[What the exercise asks]:
Of the lines in the material below, print only those from the one containing "With the engine" to the one containing "design enhances projection.", ends included, exactly as written and without pictures.

[Supplied data]:
⁂
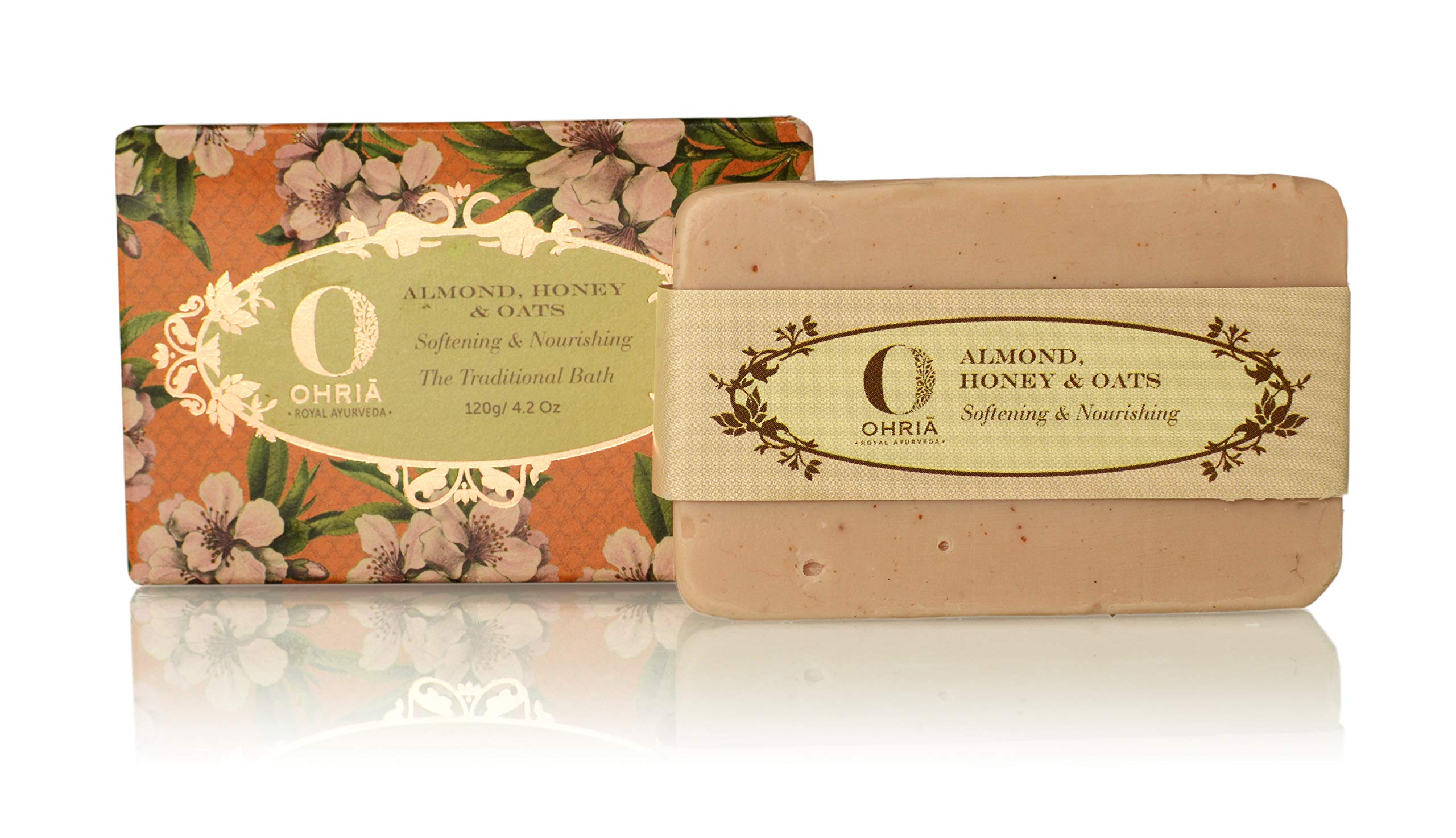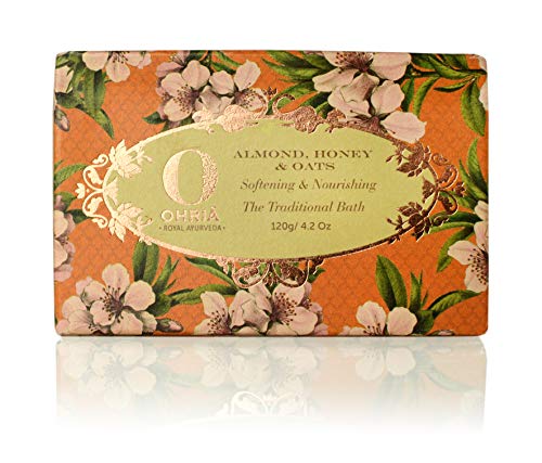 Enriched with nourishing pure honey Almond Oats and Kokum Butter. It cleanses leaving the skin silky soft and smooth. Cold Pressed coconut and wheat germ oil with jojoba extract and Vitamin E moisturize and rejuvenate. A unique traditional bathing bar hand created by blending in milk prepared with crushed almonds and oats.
⁂
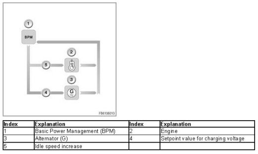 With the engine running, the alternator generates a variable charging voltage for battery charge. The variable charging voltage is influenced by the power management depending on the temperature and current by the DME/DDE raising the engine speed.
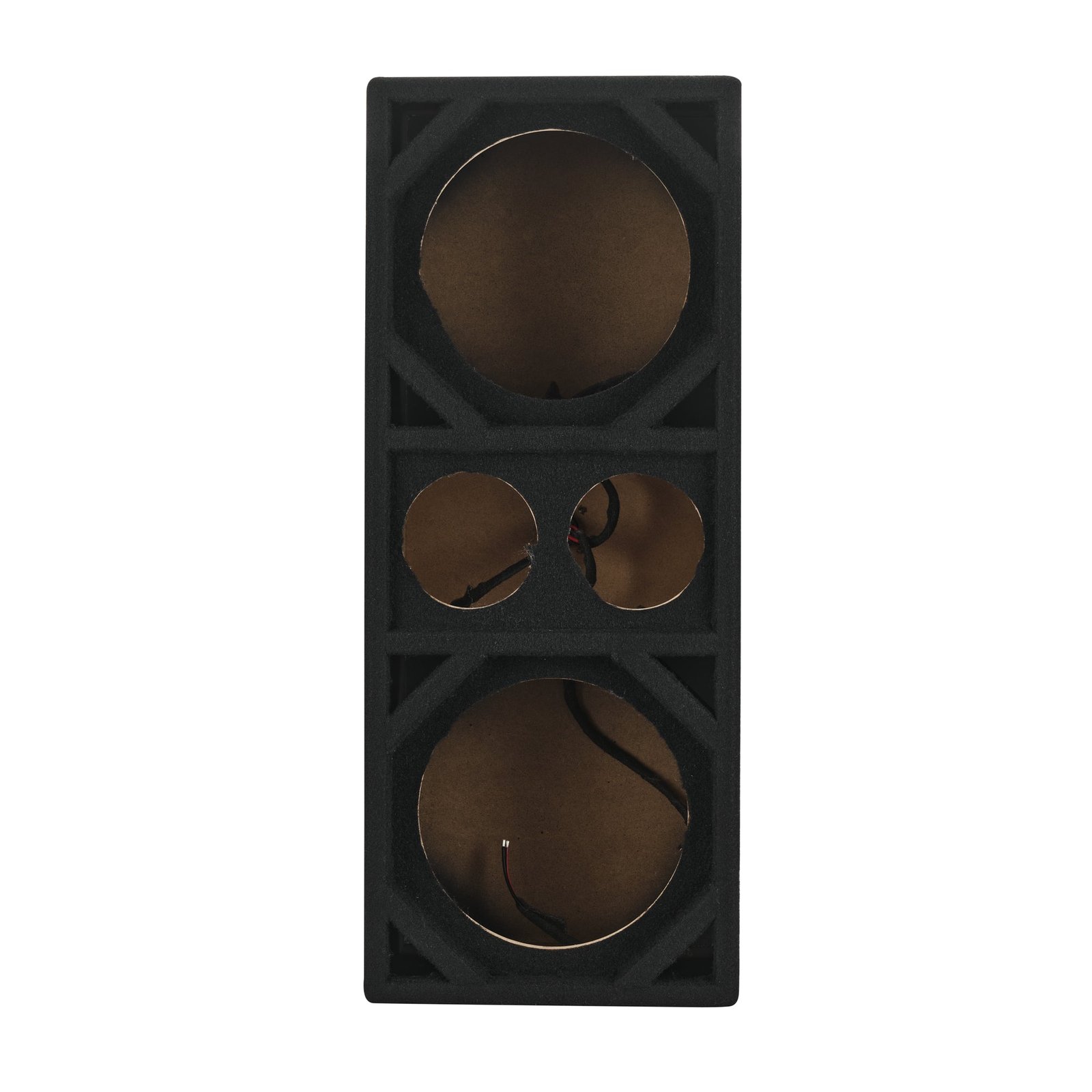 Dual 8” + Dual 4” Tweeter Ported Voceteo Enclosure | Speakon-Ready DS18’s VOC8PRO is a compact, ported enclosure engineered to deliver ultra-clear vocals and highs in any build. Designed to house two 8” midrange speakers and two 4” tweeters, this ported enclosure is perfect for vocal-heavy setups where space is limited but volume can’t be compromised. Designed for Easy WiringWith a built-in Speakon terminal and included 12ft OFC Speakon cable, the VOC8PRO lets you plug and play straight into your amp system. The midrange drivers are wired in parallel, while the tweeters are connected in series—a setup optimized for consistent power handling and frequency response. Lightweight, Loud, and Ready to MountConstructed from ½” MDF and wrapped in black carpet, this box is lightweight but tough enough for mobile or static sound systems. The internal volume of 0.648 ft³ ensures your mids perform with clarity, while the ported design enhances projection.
⁂
[Task solution]:
 With the engine running, the alternator generates a variable charging voltage for battery charge. The variable charging voltage is influenced by the power management depending on the temperature and current by the DME/DDE raising the engine speed.
 Dual 8” + Dual 4” Tweeter Ported Voceteo Enclosure | Speakon-Ready DS18’s VOC8PRO is a compact, ported enclosure engineered to deliver ultra-clear vocals and highs in any build. Designed to house two 8” midrange speakers and two 4” tweeters, this ported enclosure is perfect for vocal-heavy setups where space is limited but volume can’t be compromised. Designed for Easy WiringWith a built-in Speakon terminal and included 12ft OFC Speakon cable, the VOC8PRO lets you plug and play straight into your amp system. The midrange drivers are wired in parallel, while the tweeters are connected in series—a setup optimized for consistent power handling and frequency response. Lightweight, Loud, and Ready to MountConstructed from ½” MDF and wrapped in black carpet, this box is lightweight but tough enough for mobile or static sound systems. The internal volume of 0.648 ft³ ensures your mids perform with clarity, while the ported design enhances projection.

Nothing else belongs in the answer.